DATASET EXCERPT:
++++++++

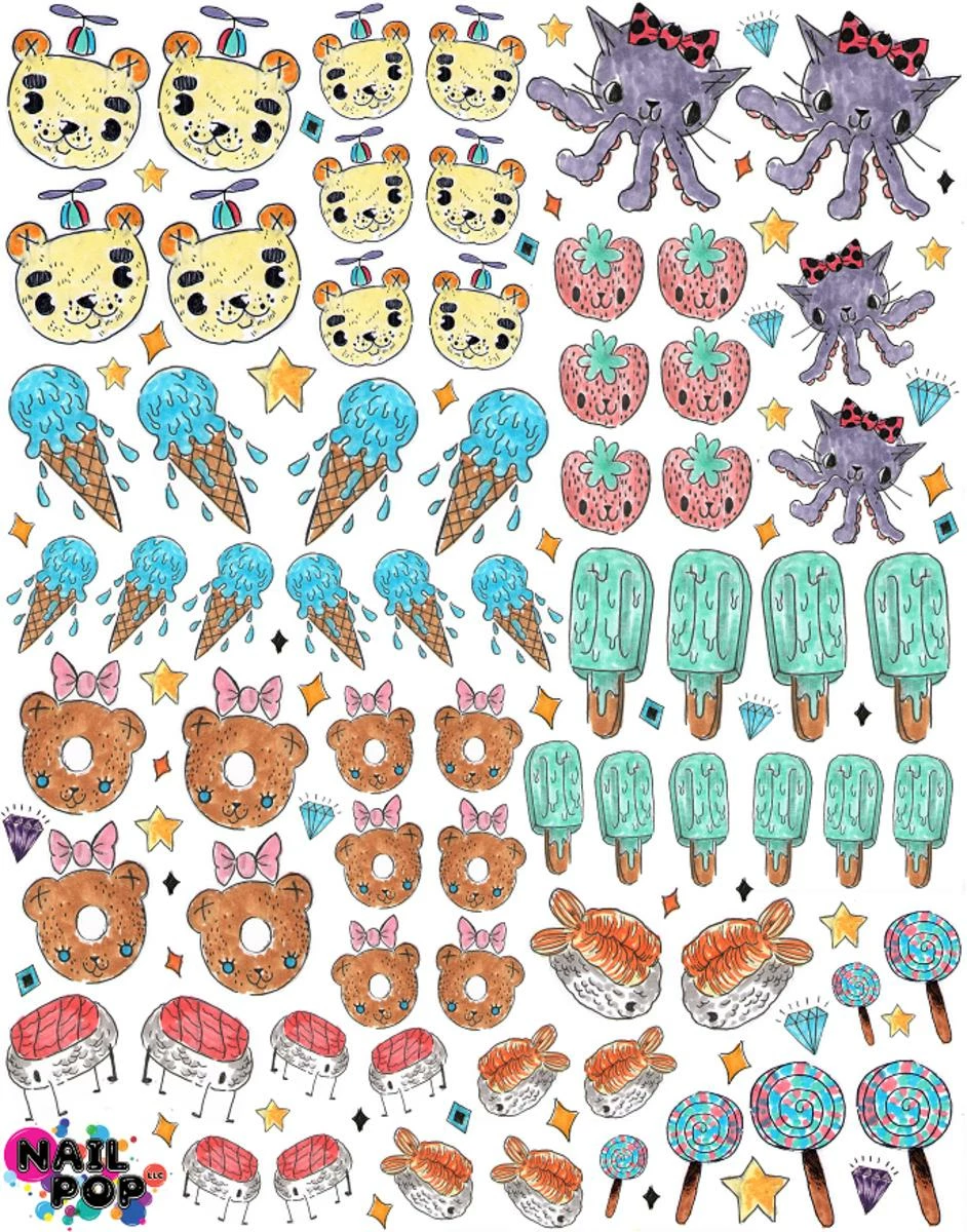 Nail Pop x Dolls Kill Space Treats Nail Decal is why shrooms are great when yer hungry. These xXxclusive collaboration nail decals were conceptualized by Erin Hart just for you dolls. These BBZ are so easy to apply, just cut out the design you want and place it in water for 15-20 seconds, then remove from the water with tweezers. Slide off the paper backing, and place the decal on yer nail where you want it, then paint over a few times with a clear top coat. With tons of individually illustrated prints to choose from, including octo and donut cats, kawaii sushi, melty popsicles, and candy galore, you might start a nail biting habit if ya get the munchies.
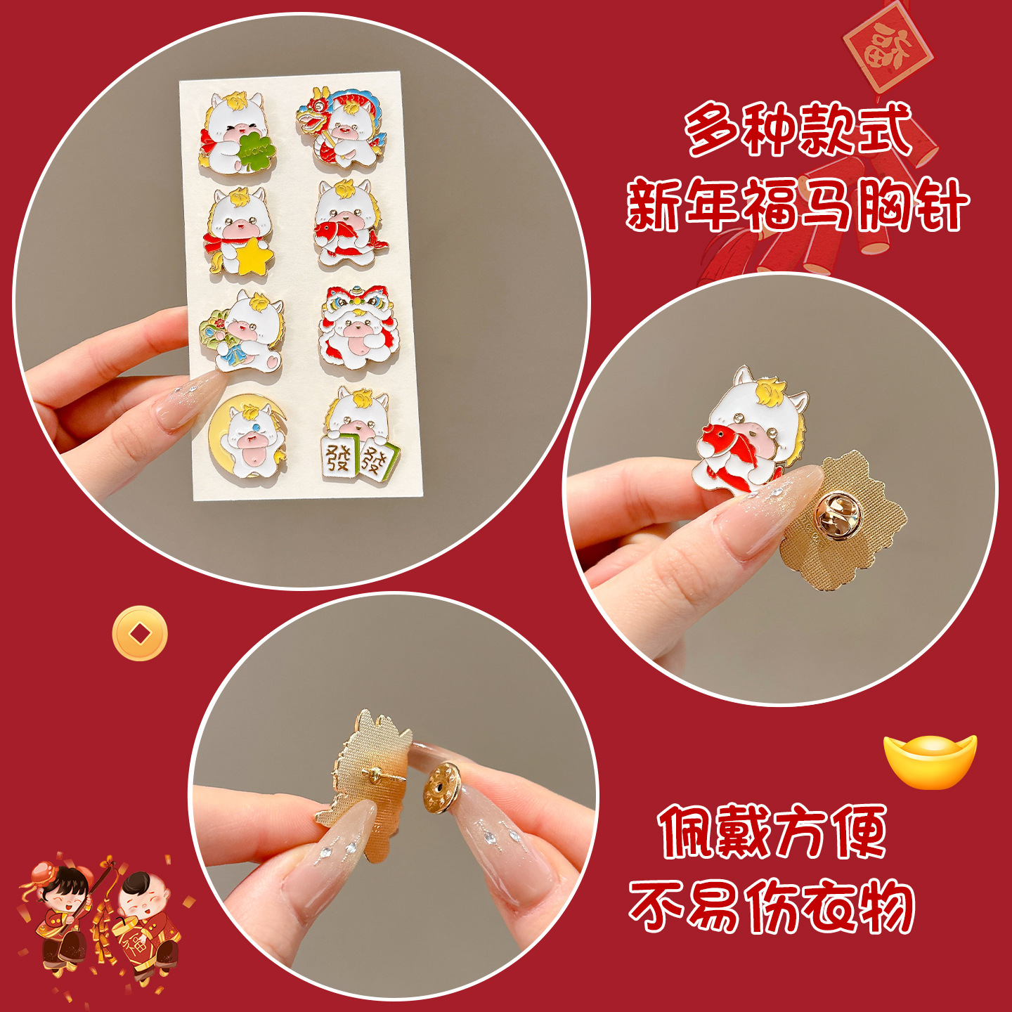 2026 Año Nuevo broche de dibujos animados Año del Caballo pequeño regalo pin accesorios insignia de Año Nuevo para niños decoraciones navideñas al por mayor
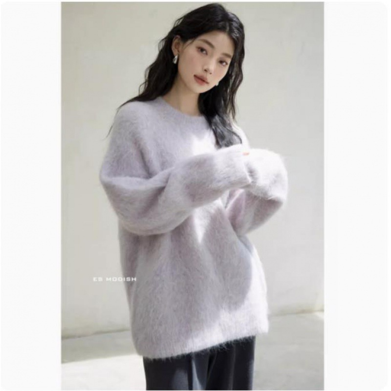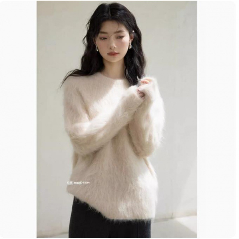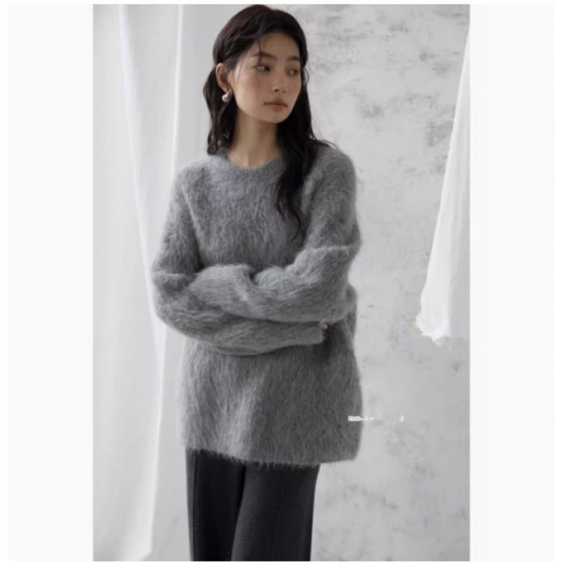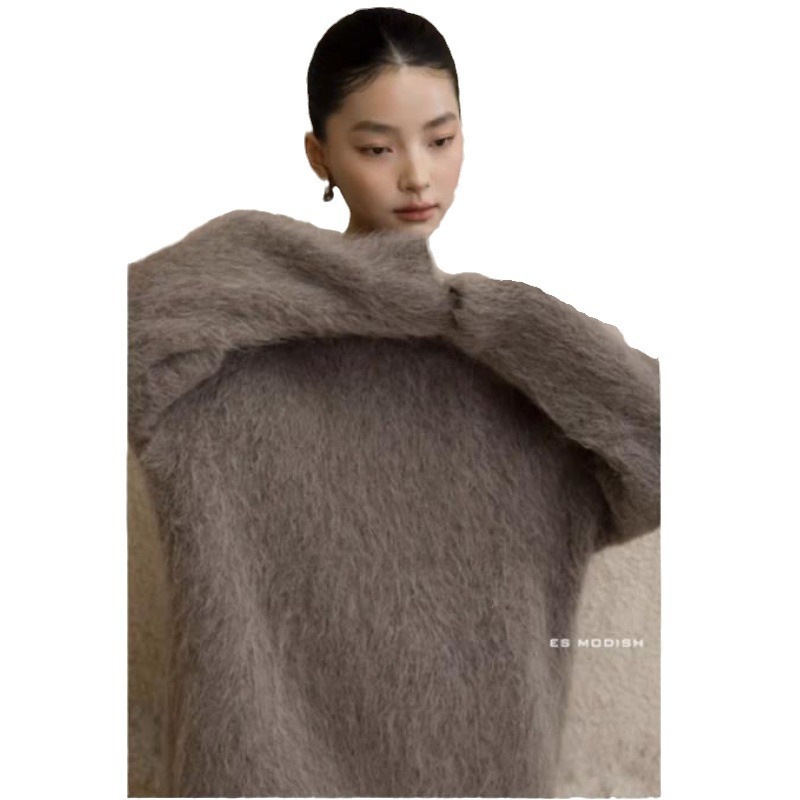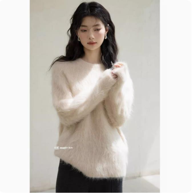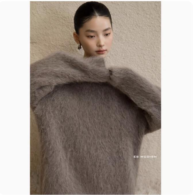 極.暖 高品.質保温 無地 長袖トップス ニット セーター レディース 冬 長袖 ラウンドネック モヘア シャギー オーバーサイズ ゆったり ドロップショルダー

++++++++

DIRECTIONS FOR THIS TASK:
What should appear is an exact reproduction of the lines from the one with "2026 Año Nuevo" through the end of the material above, and no pictures.

SOLUTION TO THIS EXERCISE:
 2026 Año Nuevo broche de dibujos animados Año del Caballo pequeño regalo pin accesorios insignia de Año Nuevo para niños decoraciones navideñas al por mayor
 極.暖 高品.質保温 無地 長袖トップス ニット セーター レディース 冬 長袖 ラウンドネック モヘア シャギー オーバーサイズ ゆったり ドロップショルダー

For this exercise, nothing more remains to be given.